## [Collected material]
========================================================================

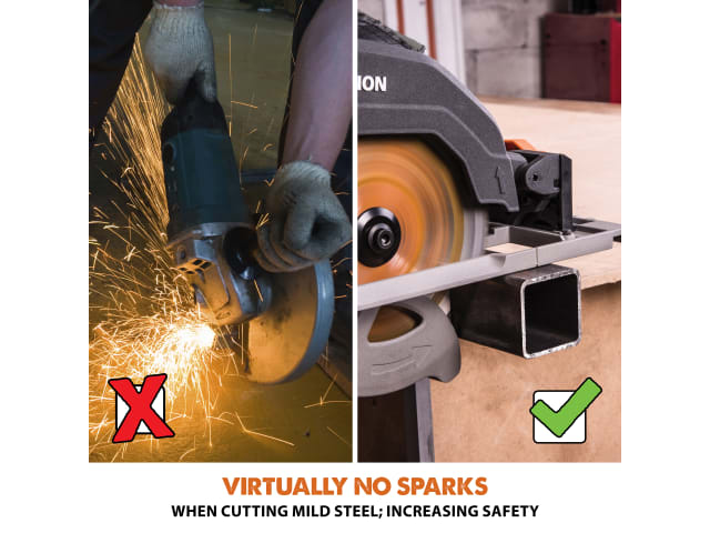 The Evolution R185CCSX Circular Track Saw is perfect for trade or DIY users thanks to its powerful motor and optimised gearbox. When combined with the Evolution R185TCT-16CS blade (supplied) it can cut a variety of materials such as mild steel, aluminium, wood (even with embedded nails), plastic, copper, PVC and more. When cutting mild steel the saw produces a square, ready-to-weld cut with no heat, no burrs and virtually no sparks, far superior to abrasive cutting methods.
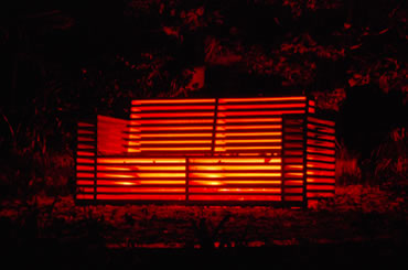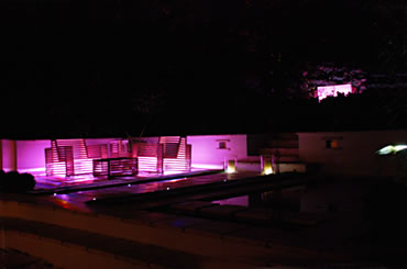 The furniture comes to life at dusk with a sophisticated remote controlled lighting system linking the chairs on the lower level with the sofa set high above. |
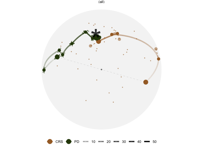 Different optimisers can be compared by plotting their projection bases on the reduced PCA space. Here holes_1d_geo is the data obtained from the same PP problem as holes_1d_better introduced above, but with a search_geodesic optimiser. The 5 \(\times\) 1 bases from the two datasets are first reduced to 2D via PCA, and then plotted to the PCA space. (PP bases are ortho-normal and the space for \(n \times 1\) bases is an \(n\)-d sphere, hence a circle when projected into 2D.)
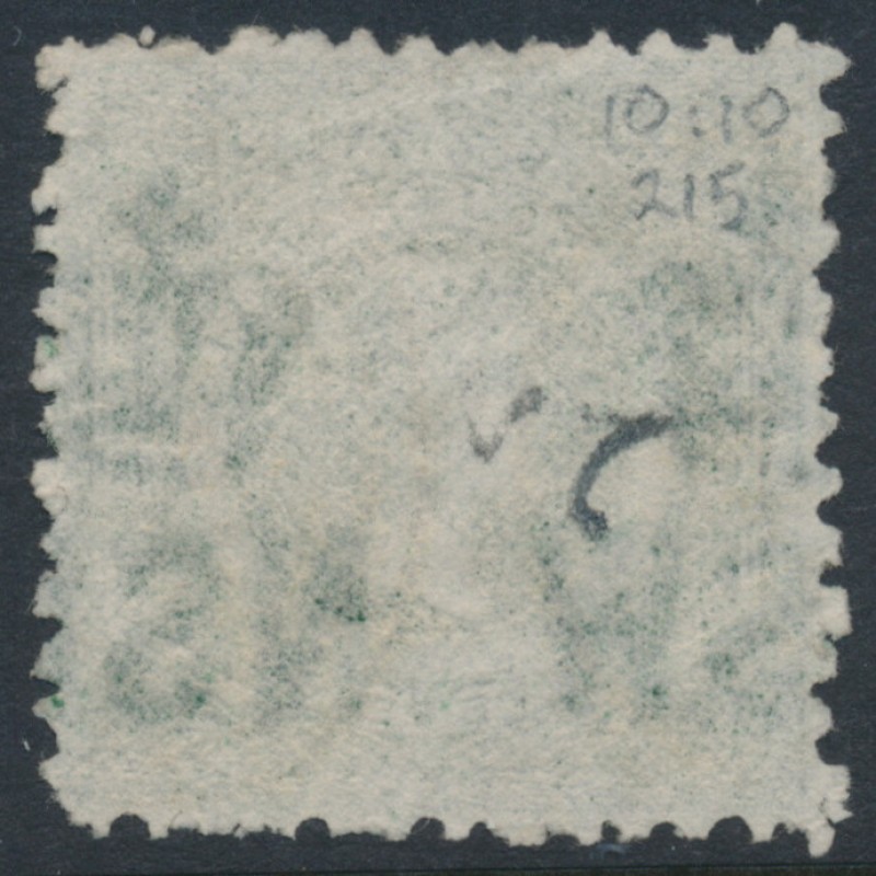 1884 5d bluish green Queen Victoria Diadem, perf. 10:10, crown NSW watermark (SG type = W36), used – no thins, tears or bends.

========================================================================

## [Your objective]
The answer must be an exact copy of the lines from the one that holds "Different optimisers can" through the end of the data, both included, with no pictures.

## [Answer section]
 Different optimisers can be compared by plotting their projection bases on the reduced PCA space. Here holes_1d_geo is the data obtained from the same PP problem as holes_1d_better introduced above, but with a search_geodesic optimiser. The 5 \(\times\) 1 bases from the two datasets are first reduced to 2D via PCA, and then plotted to the PCA space. (PP bases are ortho-normal and the space for \(n \times 1\) bases is an \(n\)-d sphere, hence a circle when projected into 2D.)
 1884 5d bluish green Queen Victoria Diadem, perf. 10:10, crown NSW watermark (SG type = W36), used – no thins, tears or bends.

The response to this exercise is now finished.